Alastair and his friends find different ways to avoid the police as they take their racing obsession to the roads.
There was a huge motor racing emphasis in my high school, which meant you were socially dead if you didn’t have a car. All teenage boys saved up by working after school, at the weekends, at Christmas time, and spent it all on buying cars.
Back then third-party insurance was included with the car tax, it was magic system. Most of our friends had cars or their parents had cars: we all borrowed our mothers’ cars and our fathers’ cars. We were only a one-car family, which was quite unusual because we were middle class and lots of other people had two cars. Everything was about cars: you couldn’t get a girl without one. You’d get the car to pick them up, take them somewhere, and bring them back again.
We used to organise our own races. We would leave the town on a Friday night and find somewhere quiet, which wasn’t hard to do. The roads would just be square after square after square: the New Zealand pioneers had divided everything up like that. You could just park four cars to block-off the four corners of the grid and race around without scaring any locals. We used to literally line our parents and friends cars up and after '5,4,3,2,1' we’d race.
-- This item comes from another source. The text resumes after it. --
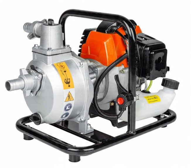 Насос оснащен эффективным двухтактным двигателем внутреннего сгорания, работающим на топливно-масляной смеси с октановым числом 95. Корпус двигателя и насоса изготовлен из чрезвычайно легкого и прочного алюминиевого сплава, устойчивого не только к механическим повреждениям, но и к износу. Крышки двигателя изготовлены из высококачественного пластика. Насосный элемент в насосе отлит из чугуна, что делает его устойчивым к большим нагрузкам и длительному использованию. Все компоненты были смонтированы на специально адаптированной раме из стальных труб, покрытых защитным черным покрытием. В основание вкручены резиновые ножки, которые предотвращают перемещение всего агрегата и передачу вибрации на землю. Бесступенчатое регулирование позволяет настроить производительность насоса под индивидуальные нужды, обеспечивая эффективную и экономичную работу.

Eventually, inevitable, some farmer would get annoyed and ring the police. But the police weren’t very smart because they always used to come with the sirens on, like police always do, which means we could hear them coming for miles and all we had to do was stop racing and disperse. We’d pass them on the way back and wave gently to say hello and they’d arrive at the ‘track’ and we’d be gone. They never had the subtlety to turn up without their sirens on.
We used to know the local traffic cops and they knew us and they knew our cars and our techniques for beating them. The rear passenger had to look out the back window all the time to watch for police cars. We were chased by the police almost every weekend.
We were always learning how to evade them. The simplest thing to do was to go around a corner, slam the breaks on to a halt, park, and lie on the floor: the police would always fly straight past.